わたせ:まず、今の服装でもう一度リメイクしたいなと思った作品を選んでいます。あとは「夏休みで新人のアシスタントと2人だけになってしまって、しんどい思いをして描いた」とか(笑)、当時の思い出が蘇ってくるような作品を選びました。

──各巻に両面カラーのポストカードも付いていますし、ファンにとっては嬉しい特典ですね。扉ページには、外車や風景などイラストの元になったような写真が掲載されていますが、こちらは先生ご自身がお撮りになったものでしょうか?

わたせ:そうなんです。昔の「ハートカクテル」にも僕が撮った写真と短い文章を掲載していたので、編集の方と「今回もそれを踏襲しましょう」ということで載せています。

──この扉写真が、わたせ先生の漫画やイラストの世界観を感じさせるステキな演出ですね。初めて読む若い読者の方には、たった4ページの中に映画のような前後のストーリーを想像させるような構成は新鮮なのではないでしょうか。

わたせ:男女の恋愛は普遍的なものですから、ストーリーは今でも通用すると思いますね。最近はスマホやネットによる情報過多で、みんな「頭でっかち」になっているじゃないですか。特に若い世代の方は「自分の頭で考える」もしくは「自分の頭で想像する」という機会が少なくなってきていると思います。ご指摘の通り、「ハートカクテル」はわざと前後のストーリーを曖昧にしているんですよ。この前に何があったのか、その後どうなったのか、自分の頭で各自が想像をふくらませられるようにしているんです。情報を与えられるばっかりじゃなくて、僕の「ハートカクテル」で想像することを楽しんで、左脳を元気づけてほしいですね。

16日より「わたせせいぞう展 〜ハートフルな東京日和〜」開催

──6月16日から28日まで、大丸東京店11階催事場で「わたせせいぞう展 〜ハートフルな東京日和〜」が開催されます。この展示や近況について教えてください。

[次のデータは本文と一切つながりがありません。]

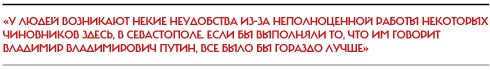 Еще один собеседник журнала — владелец торговых сетей Сергей Лисейцев, продвигавший «русскую идею» в Крыму со времен украинской «оранжевой революции». Он считает, что все недостатки — временные, и вина за них лежит на местной власти: «У людей возникают некие неудобства из-за неполноценной работы некоторых чиновников здесь, в Севастополе. Если бы выполняли то, что им говорит Владимир Владимирович Путин, все было бы гораздо лучше».
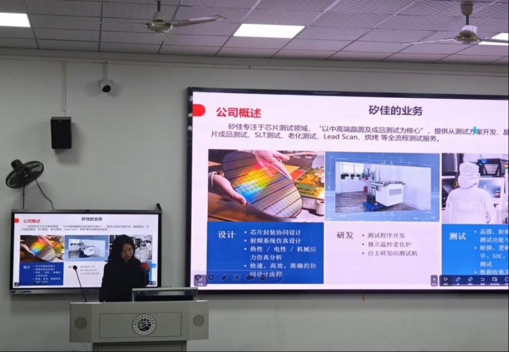 宣讲会上,矽佳企业负责人甘琴雨露全面介绍企业发展历程与行业布局,重点解读公司在集成电路测试、半导体材料研发、电子元器件生产等核心业务板块的技术实力与市场成果,展现企业深耕半导体领域的坚定定位与发展潜力,让在场学子清晰了解行业趋势与企业核心竞争力。
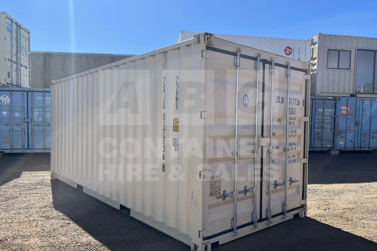 Rank 8 out of 10 new build cream 20' Standard Height Steel Container (with doors one end only) in Toowoomba. (ZXJU0177368)
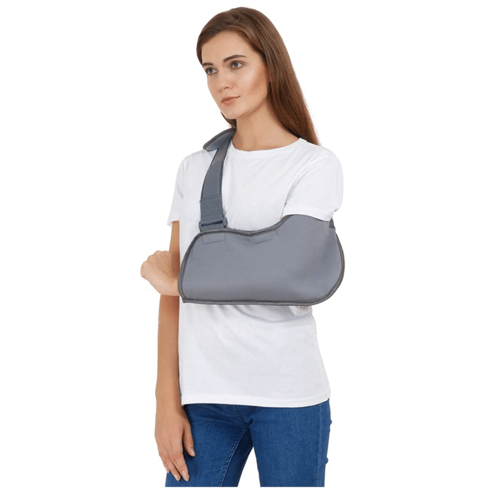 Fidelis Healthcare Arm Sling Medium Grey Fidelis Healthcare Arm Sling Medium Grey supports and immobilises a fractured arm, sprained or dislocated shoulder, sprained and surgically operated arm flexibly. Its ergonomic fit shoulder pad provides comfort while relieving pressure on the neck and shoulder region. It is also helpful in helping a sprained or surgically operated arm in flexion and serving as an envelope for resting the forearm with the elbow bent. It is available in small, medium, large, XL and XXL sizes.
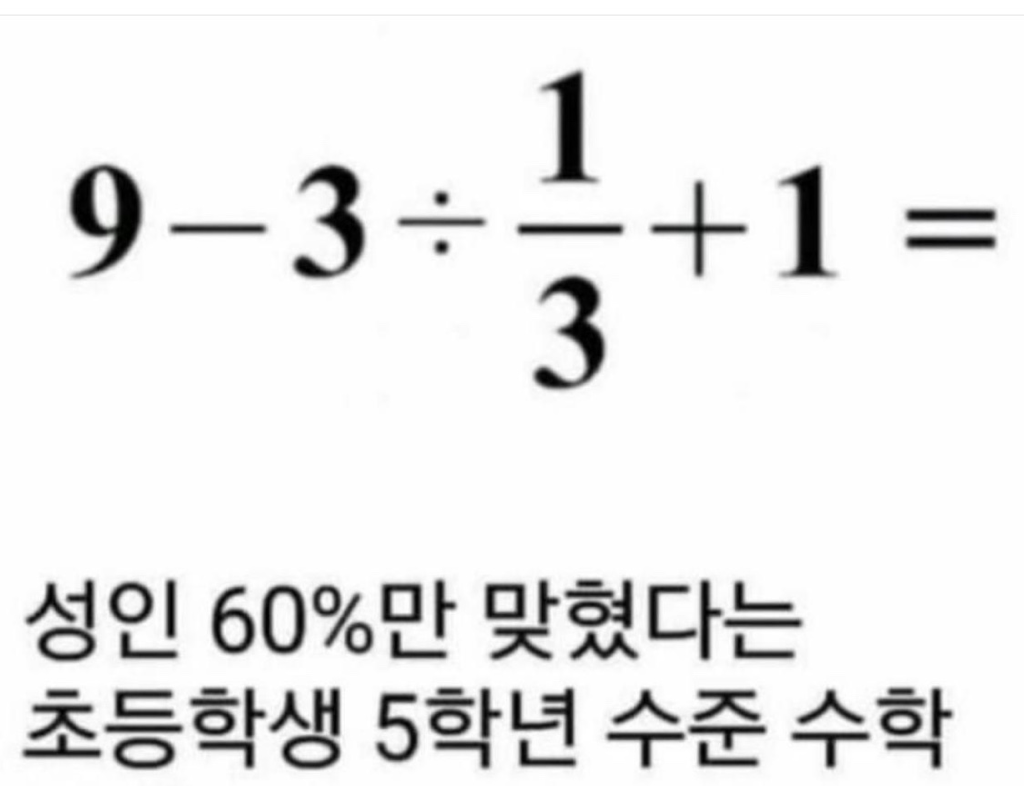 사칙연산 순서를 몰라서 틀리는 사람들이 많은 거 같습니다
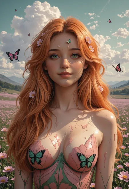 1girl, solo, ginger_hair, fluffy_hair, voluminous_hair, pale_skin, looking_up, gentle_smile, body_dissolving, into_clouds, double_exposure, semi_transparent, impasto, thick_paint, terracotta, muted_pink, pale_green, washed_acrylic, meadow_background, fog, cloud_shape, butterfly_silhouette, flower_forms, soft_light, volumetric_light, ethereal, dreamy_atmosphere, stylized

わたせ:今回の16日から始まる大丸東京店の展示は企画展ではありませんので入場無料なのですが、2年前の2020年に画業45周年記念として大丸京都店で開催された「わたせせいぞうの世界展 ~ハートカクテルだったあの頃~」という企画展があったんです。その時のメイン展示が「暦を巡る冒険~京こよみ~」という、京都の12ヶ月の季節とともに、東のカレと西(京都)のカノジョという遠距離恋愛中の2人の一年をテーマにした12枚の描き下ろしイラストでした。これは京都に住んでいるカノジョのもとに、カレが毎月1回京都へ会いに行ったときの様子をテーマにした連作なんです。今度の大丸東京店の展示では、そのシリーズのお返しとして、今年の1月から制作をスタートさせた、京都からカノジョが東京にいるカレのもとへ会いにくるという「暦を巡る冒険」の新シリーズ「〜東京こよみ〜」の最新作をお披露目します。これは画業50周年記念に向けて完成させる新シリーズなのですが、12枚の連作のうち何点かを今回ご覧いただくことができます。7月には名古屋高島屋で、8月は横浜高島屋でも展示があります。そして「北九州市漫画ミュージアム」の名誉館長を松本零士さんから引き継ぐことになりましたので、名誉館長就任に合わせて10月から門司港にある「わたせせいぞうギャラリー門司港」にて1ヶ月間の企画展を予定しています。

──北九州市は、わたせ先生が幼少期を過ごされた場所ですので、思い入れのある地での展示も楽しみですね。まずは6月16日から始まる大丸東京店「わたせせいぞう展 〜ハートフルな東京日和〜」の展示を楽しみにしております。本日は、お忙しい中いろいろとお話しいただきありがとうございました。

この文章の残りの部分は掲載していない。